![]() |
|
![]() |
|
![]() |
|
![]() |
|
![]() |
|
![]() |
|
![]() |
|
![]() |
|
![]() |
|
![]() |
|
![]() |
|
![]() |
|
![]() |
|
![]() |
|
![]() |
|
當涉及到準確的音頻訪談時,當口語不是英語時,更多的事情會變得更加複雜。
This article is co-authored by Ugo Pradère and David Haüet
本文由UgoPradère和DavidHaüet合著
How hard can it be to transcribe an interview ? You feed the audio to an AI model, wait a few minutes, and boom: perfect transcript, right ? Well… not quite.
抄錄面試有多難?您將音頻餵入AI型號,等待幾分鐘,然後繁榮:完美的成績單,對嗎?好吧……不完全。

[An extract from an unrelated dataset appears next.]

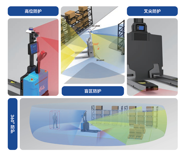 3、全方位安全防护:镭神智能机器人3D SLAM无人叉车最高配置7颗激光雷达,360°全方位覆盖确保了叉车在运行过程中的安全性。

When it comes to accurately transcribe long audio interviews, even more when the spoken language is not English, things get a lot more complicated. You need high quality transcription with reliable speaker identification, precise timestamps, and all that at an affordable price. Not so simple after all.
當涉及到準確的音頻訪談時,當口語不是英語時,更多的事情會變得更加複雜。您需要具有可靠的揚聲器標識,精確的時間戳以及所有這些價格的高質量轉錄。畢竟不是那麼簡單。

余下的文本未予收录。